We're adding a small, arbitrary vector to $\beta$ and then seeing how that changes $\text{RSS}$. We 'divide' out this arbitrary vector at the end, and I've used the transpose here because $\beta$ and $\gamma$ enter the original functional as multiplication from the right, so coming from the left we use the transpose. All that is left is to evaluate these expressions.

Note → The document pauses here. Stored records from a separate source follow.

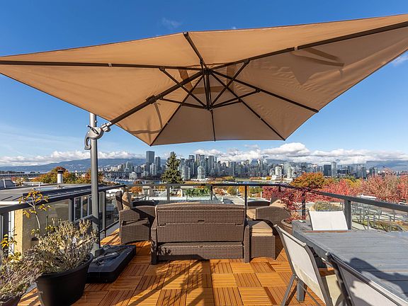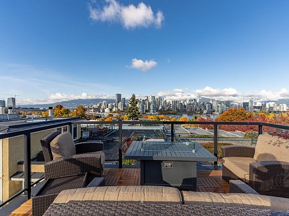 The Villas on 8th! An exclusive 4-unit townhome complex by renowned Trasolini-Chetner! This exceptional, detached townhome feels like a single family home in a private, gated community. Split-level floor plan with amazing 360 degree False Creek water, North shore mountain and city view, from your stunning personal 328 sq.ft. rooftop deck; perfect for all your outdoor entertaining! Designer kitchen w/quality appliances, incl gas range. True 3 bedroom, 2.5 bath, w/large family room below(could be 4th bedroom). Meticulously maintained. Walk to VGH, Granville Island & seawall, Skytrain, shopping, cafes & more. 2 secure parking stalls & ample storage. Pet & rental friendly. OPEN HOUSE: Saturday, Nov 1, 1-3pm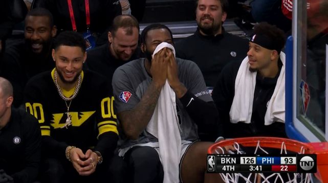 美媒评价,杜兰特摧毁了哈登和76人!他得到25分14篮板7助攻,欧文也贡献22分4篮板5助攻,而且防守哈登很成功,从费城被换到篮网的库里贡献24分。比赛中,哈登在场边治疗腿部,之前他的腿筋有伤。昔日的76人三大旧将,西蒙斯、庄神和小库里都在场边乐开了花。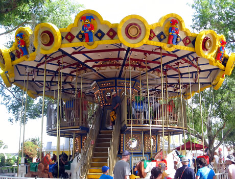 Try the Carousel. Ride a larger LEGO-looking horse on a carousel wheel on this double-decker carousel. This Carousel is one of the few Carousels that exist inside a LEGOLAND park.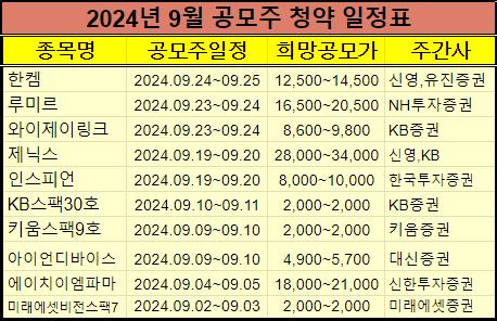이렇게 2024년 9월 신규상장 주식일정을 표로 정리했습니다.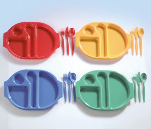 Großes Speise-TablettMaße: 38 x 28 cmUnterteilung wie abgebildetDas Besteck passt in die mittlere Aussparung,Länge des Messers ca. 20 cm.Farbe: Blau12 große Tabletts im Set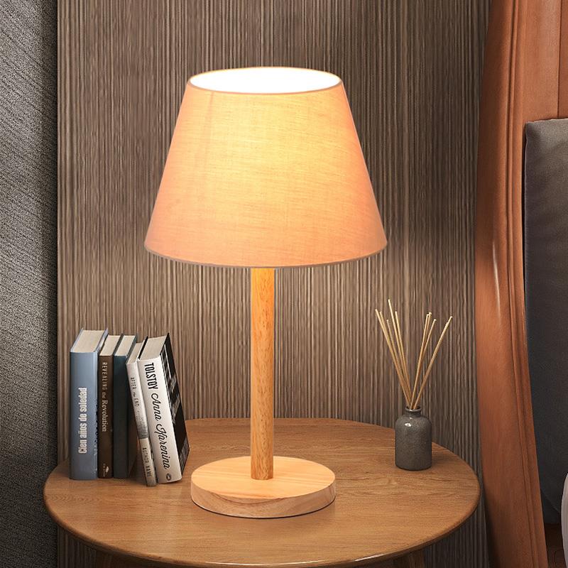 烨上简约现代台灯卧室床头房间实木布艺床头灯灯饰原木风日式灯具

$$\text{RSS}(\beta+\epsilon\gamma) = \left(\mathbf{y}-\mathbf{X}(\beta+\epsilon\gamma)\right)^{T}\left(\mathbf{y}-\mathbf{X}(\beta+\epsilon\gamma)\right) = \left((\mathbf{y}-\mathbf{X}\beta)^{T}-(\mathbf{X}\epsilon\gamma)^T)\right)\left((\mathbf{y}-\mathbf{X}\beta)-\mathbf{X}\epsilon\gamma)\right) $$ $$= (\mathbf{y}-\mathbf{X}\beta)^{T}(\mathbf{y}-\mathbf{X}\beta)-(\mathbf{y}-\mathbf{X}\beta)^{T}\mathbf{X}\epsilon\gamma-(\mathbf{X}\epsilon\gamma)^T(\mathbf{y}-\mathbf{X}\beta)+(\mathbf{X}\epsilon\gamma)^T\mathbf{X}\epsilon\gamma $$ $$=\text{RSS}(\beta)- \epsilon \big((\mathbf{y}-\mathbf{X}\beta)^{T}\mathbf{X}\gamma+(\mathbf{X}\gamma)^T(\mathbf{y}-\mathbf{X}\beta)\big) + \epsilon^2 (\mathbf{X}\gamma)^T\mathbf{X}\gamma $$ So, $$\frac{\text{RSS}(\beta + \epsilon \gamma) - \text{RSS}(\beta)}{\epsilon} =-\big((\mathbf{y}-\mathbf{X}\beta)^{T}\mathbf{X}\gamma+(\mathbf{X}\gamma)^T(\mathbf{y}-\mathbf{X}\beta)\big) + \epsilon (\mathbf{X}\gamma)^T\mathbf{X}\gamma. $$

The third term, than, does not survive in the limit and we are left with $$-\big((\gamma^T \mathbf{X}^T(\mathbf{y}-\mathbf{X}\beta))+(\gamma^T \mathbf{X}^T(\mathbf{y}-\mathbf{X}\beta))^T\big). $$

However, since both of these terms are just $1 \times 1$ matrices, A.K.A. scalars, then the term and its transpose are equal and we are left with $$\frac{\partial \text{RSS}}{\partial \beta} = -2 \mathbf{X}^T(\mathbf{y}-\mathbf{X}\beta) $$


Wow, I asked this two years ago!

Since then, I've learned what the notation means for quick computational purposes.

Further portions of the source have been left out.